● **EXERCISE AIM**: Everything in the data must be repeated exactly, apart from the pictures, which are left out.

● **PROVIDED MATERIAL**:
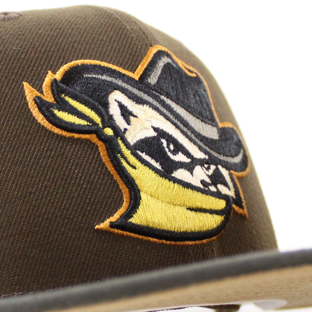 This Quad Cities River Bandits PAW BALL New Era Fitted Cap we made features Walnut, Pewter, with Khaki under brim.
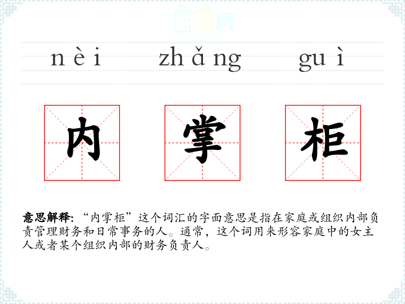 “内掌柜”这个词汇的字面意思是指在家庭或组织内部负责管理财务和日常事务的人。通常,这个词用来形容家庭中的女主人或者某个组织内部的财务负责人。
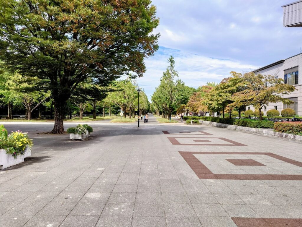 まず園内にある案内図を見てみると園内中央を並木道が貫いているのが分かります。実際に歩いてみると、想像以上に道幅は広く、この並木道がかつて戦闘機の滑走路だったのかと思うと不思議な気持ちになるのでした。
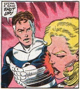 In queste vignette vediamo l’unico componente femminile dei Fantastici Quattro. Susan Storm, altrimenti detta “la ragazza invisibile”. Ai suoi esordi è piagnucolosa, un po’ imbranata, più efficiente nei lavori di casa che nella lotta al crimine. Spesso viene presa prigioniera dai nemici del quartetto e i suoi compagni sono costretti a fare doppio lavoro per liberarla e sconfiggere la minaccia di turno. Se si ribella alla sua condizione di inferiorità, son sberle.

● **EXPECTED OUTPUT**:
 This Quad Cities River Bandits PAW BALL New Era Fitted Cap we made features Walnut, Pewter, with Khaki under brim.
 “内掌柜”这个词汇的字面意思是指在家庭或组织内部负责管理财务和日常事务的人。通常,这个词用来形容家庭中的女主人或者某个组织内部的财务负责人。
 まず園内にある案内図を見てみると園内中央を並木道が貫いているのが分かります。実際に歩いてみると、想像以上に道幅は広く、この並木道がかつて戦闘機の滑走路だったのかと思うと不思議な気持ちになるのでした。
 In queste vignette vediamo l’unico componente femminile dei Fantastici Quattro. Susan Storm, altrimenti detta “la ragazza invisibile”. Ai suoi esordi è piagnucolosa, un po’ imbranata, più efficiente nei lavori di casa che nella lotta al crimine. Spesso viene presa prigioniera dai nemici del quartetto e i suoi compagni sono costretti a fare doppio lavoro per liberarla e sconfiggere la minaccia di turno. Se si ribella alla sua condizione di inferiorità, son sberle.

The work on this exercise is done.